THE TASK
Start at the line with "This page presents" and print every line through the end of the material below. Keep it exact and free of pictures.

RECORDS
########
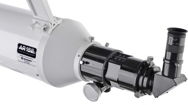 Флагманская линейка телескопов Messier от немецкого производителя Bresser отличается высоким качеством сборки, точностью подгонки оптических элементов и использованием только высококачественных материалов. Все узлы, детали, а также зеркала телескопа выполнены с высокой точностью, что придает наилучшие оптические и эксплуатационные характеристики в своем классе. Телескоп Bresser Messier AR-152L 152/1200 EXOS-2/EQ5 (4752128) является превосходным выбором как для ночных планетарных, так и солнечных наблюдений! Посмотрите на структуру в полосах облаков Юпитера, небольшие ободки и кратеры на поверхности Луны, детали на Марсе, в частности покрытые льдом полярные регионы нашей соседней планеты. Наблюдайте, как спутники Юпитера танцуют вокруг планеты и обнаруживайте зеленоватое свечение Урана далеко за орбитой Сатурна. Сочетание большой диафрагмы и большого фокусного расстояния данная модель телескопа обеспечивает невероятно четкие высококонтрастные изображения, которые каждый раз заново будут поражать вас. Объектив телескопа Bresser Messier AR-152L 152/1200 EXOS-2/EQ5 (4752128) является ахроматом с относительным отверстием 1/8, благодаря чему значительно увеличена светосила. Отсутствие в телескопе центрального экранирования (по сравнению с системой Ньютона) положительно сказывается на контрасте изображения при наблюдениях Луны и деталей дисков планет. Наличие в комплекте фирменного апертурного фильтра позволит наблюдать за Солнцем. Широкое поле зрения штатного окуляра позволит почти полностью увидеть большую Галактику Андромеды с двумя ее спутниками. Очень красивые также и россыпи звезд в скоплениях Млечного Пути. Труба телескопа удобна при транспортировке. Например, телескоп можно смело брать в загородную поездку, туда где небо, по сравнению с городским, темнее и где гораздо подробнее можно рассмотреть тусклые далекие объекты. Самый часто используемый узел в телескопе - это фокусер и важность надежности этого узла переоценить сложно. Одной из последних доработок компании, внедренных в данном телескопе, является новый фокусер Hexafoc с внутренним диаметром 2,5. Благодаря такому решению удалось избежать возможного виньетирования (обрезания) изображения при работе с широкопольными двухдюймовыми окулярами. Кроме того, внимание было уделено улучшению плавности хода, и стабильности самой системы фокусировки. Телескоп оснащен фокусером с посадочным диаметром под окуляры 2" (для использования окуляров стандарта 1,25" в комплекте есть переходник). Это позволяет использовать широкоугольные окуляры, чтобы получить большое поле зрения при наблюдениях протяженных объектов и звездных полей. Кроме того, переходник снабжен резьбой Т2, что позволяет подсоединить с помощью Т2-кольца зеркальный фотоаппарат для съемки в прямом фокусе, при этом дополнительный специальный переходник вовсе не понадобится. Телескоп оснащен оптическим искателем большого диаметра.
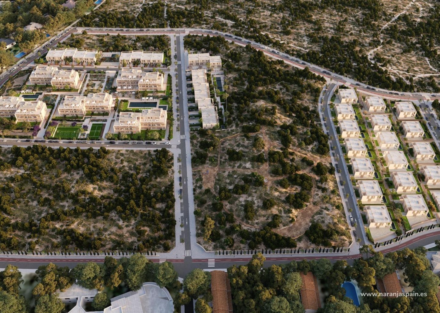 Nybyggt bostadsområde med 36 parhus med 4 och 5 sovrum, med stora privata trädgårdar, källare med källare, förråd och 2 parkeringsplatser.
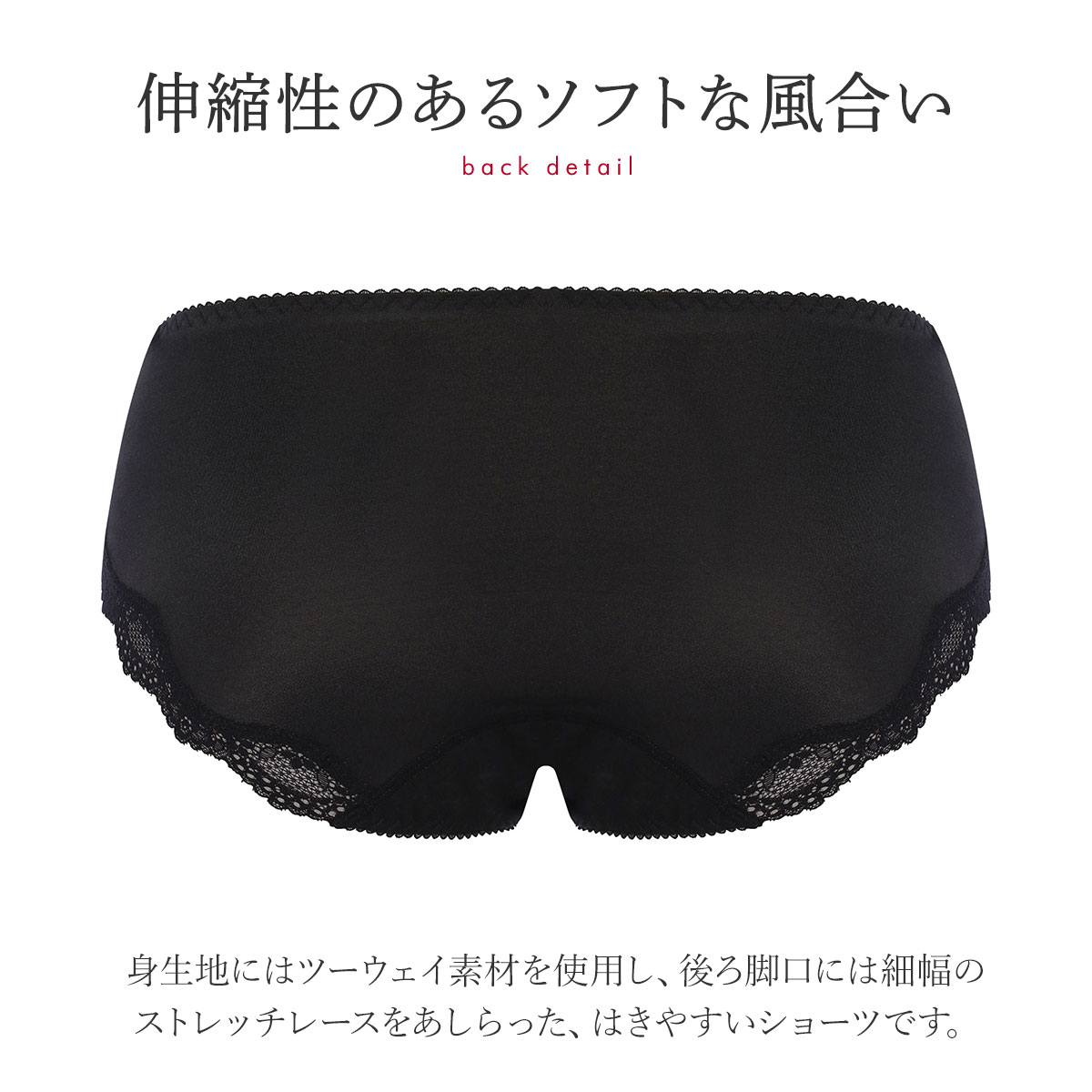 身生地には伸縮性のあるソフトな風合いのツーウェイ素材を使用しています。前脚口にはメインのストレッチレースを、後ろ脚口には細幅のストレッチレースをあしらった、はきやすいショーツです。
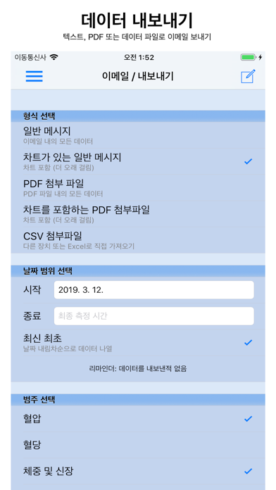 건강 폴더 의료용 트래커는 고객님의 장치를 개인용 건강 모니터로 변신시킵니다. 트래커는 혈압, 혈당, 체중, 신체질량지수, 콜레스테롤 등을 추적할 수 있습니다. 트래커는 평생 데이터 시각화, 통계 보고, 약물 상관관계, 이메일 가져오기/내보내기, 내장 리마인더 등의 기능을 갖추고 있습니다. 이 앱은 여러 기능을 갖추고 있습니다. 종합적 데이터 수집 – 모든 건강 및 의학 수치들을 추적하는 하나의 앱을 갖기를 원하신 적이 있습니까? 이 앱은 여러분을 위해 설계되었습니다. - 사용자 정의 가능 입력 데이터 형식 - 사용자 정의 가능 입력 데이터 형식 - 최적화된 키보드 입력 - 최적화된 키보드 입력 약물 상관관계 – 복용하시는 약에 따라 활력 징후가 어떻게 변하는지 발견하기를 원하신 적이 있습니까? 두 팔에서 혈압이 어떻게 다를까요? 식사에 따라 혈당이 어떻게 바뀔까요? 이 앱은 다음 사항들을 발견하는데 도움이 되도록 설계되었습니다 - 경구 및 주사 약물의 추적 및 상관관계 - 왼쪽/오른쪽 팔의 혈압 측정 추적 및 상관관계 - 식사 유형에 따른 혈당 측정 추적 및 상관관계 - 더 있습니다. 어떤 상관관계를 알 필요가 있는지 저희에게 알려주십시오! 데이터 시각화 – 차트 하나가 천마디보다 낫습니다. 그래픽 차트는 활력 징후에 대한 시각적 동향을 알려줄 뿐만 아니라 경고 표시도 보여줍니다(혈압만 해당). - 모든 활력 징후가 그래픽으로 제시됩니다 - 시간 제한이 없습니다 - 더 많은 데이터 역사가 나타나도록 차트를 스크롤하려면 스와이프하십시오 - 최적화된 차트 그리기 성능 이메일 가져오기/내보내기 – 간단하면서도 다용도인 이메일/내보내기 기능은 진료 제공자들과 손쉽게 통신할 수 있게 합니다. - 여러 내보내기 형식(PDF, CSV, 일반 메시지) 중에서 선택 가능 - 선택 가능한 시작/종료 날짜 범위 - 선택 가능한 내보낼 활력 징후 범주 - 이메일 및 PDF 파일 내에 차트들을 포함할 수도 있습니다 - 가져오기 중의 융통성있는 형식 인식 - 친숙한 가져오기 지침 및 피드백 메시지 다른 많은 부가 기능 - 이중 모드 경과 읽기 보기, 신속한 검색 및 완전한 재이용을 위한 그룹화 - 내장 리마인더, 검진 시간을 절때 놓치지 않게 하는 기능 그리고 iOS 리마인더 앱과의 완벽한 통합 - 여러 사용자 수용, 한 앱으로 전가족 추적 - 조절 가능한 정오 시간, 심지어 “밤부엉이”에게도 오전/오후가 더욱 의미가 있게 됨 - 조절 가능한 경고 한계치(혈압만 해당) - 이중 단위 지원, 미국식과 미터법 참고: 이 앱은 의학용 측정 장치를 구동하지 않습니다. 모든 입력치들이 입력되어야 합니다.
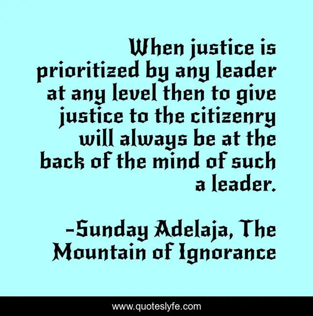This page presents the quote "When justice is prioritized by any leader at any level then to give justice to the citizenry will always be at the back of the mind of such a leader.". Author of this quote is Sunday Adelaja, The Mountain of Ignorance. This quote is about mountain, life, darkness, power, danger, justice, god, people, ignorance,.
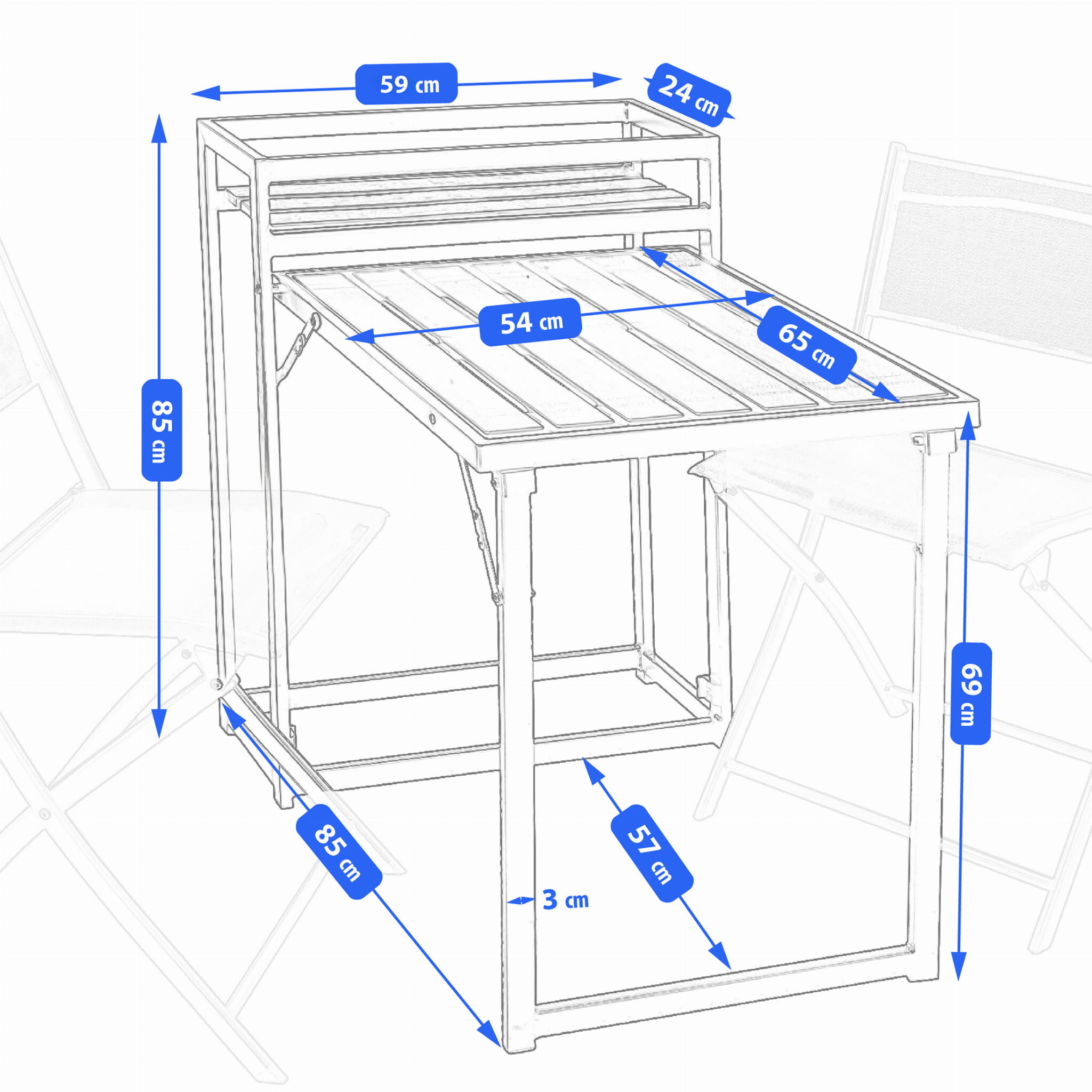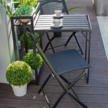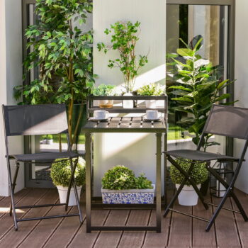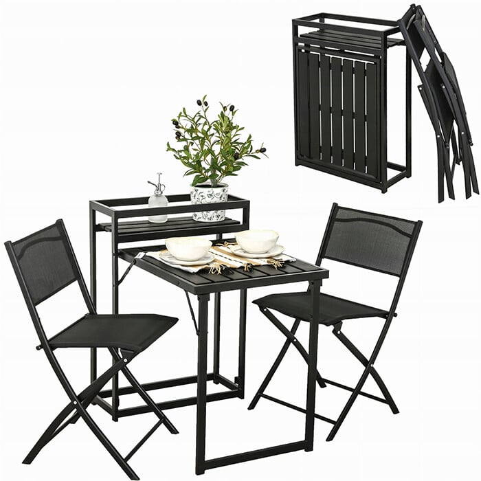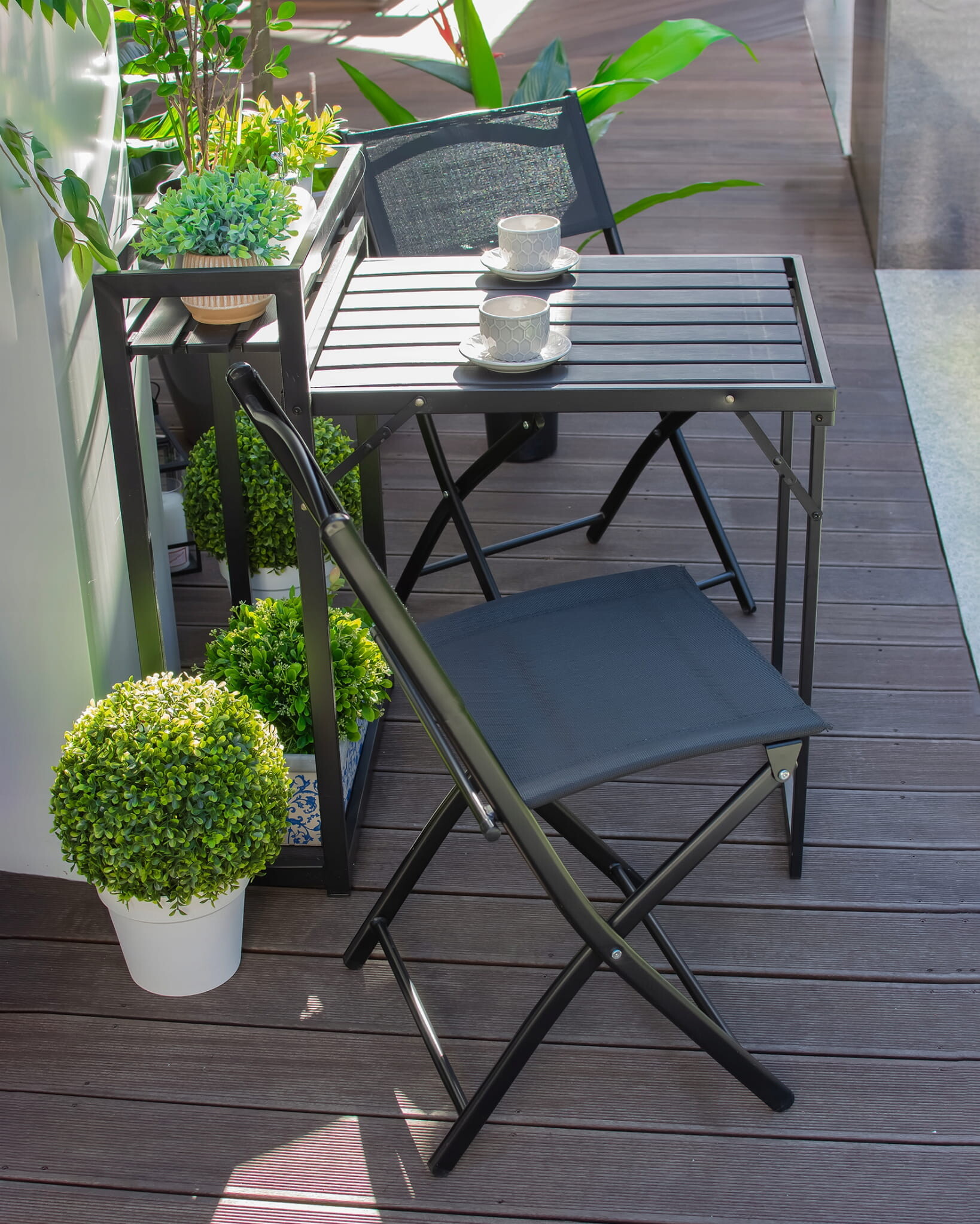 Izberite ta zložljivi balkonski komplet za ustvarjanje prijetnega zunanjega kotička, ki združuje praktičnost, udobje in sodoben videz za kateri koli zunanji prostor.
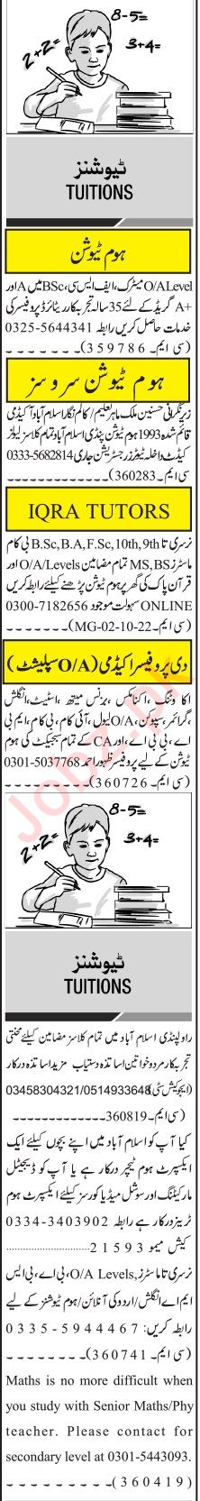 Jang Sunday Classified Ads 9 Oct 2022 for Home Tutor
########
OUTPUT FOR THIS TASK
This page presents the quote "When justice is prioritized by any leader at any level then to give justice to the citizenry will always be at the back of the mind of such a leader.". Author of this quote is Sunday Adelaja, The Mountain of Ignorance. This quote is about mountain, life, darkness, power, danger, justice, god, people, ignorance,.
 Izberite ta zložljivi balkonski komplet za ustvarjanje prijetnega zunanjega kotička, ki združuje praktičnost, udobje in sodoben videz za kateri koli zunanji prostor.
 Jang Sunday Classified Ads 9 Oct 2022 for Home Tutor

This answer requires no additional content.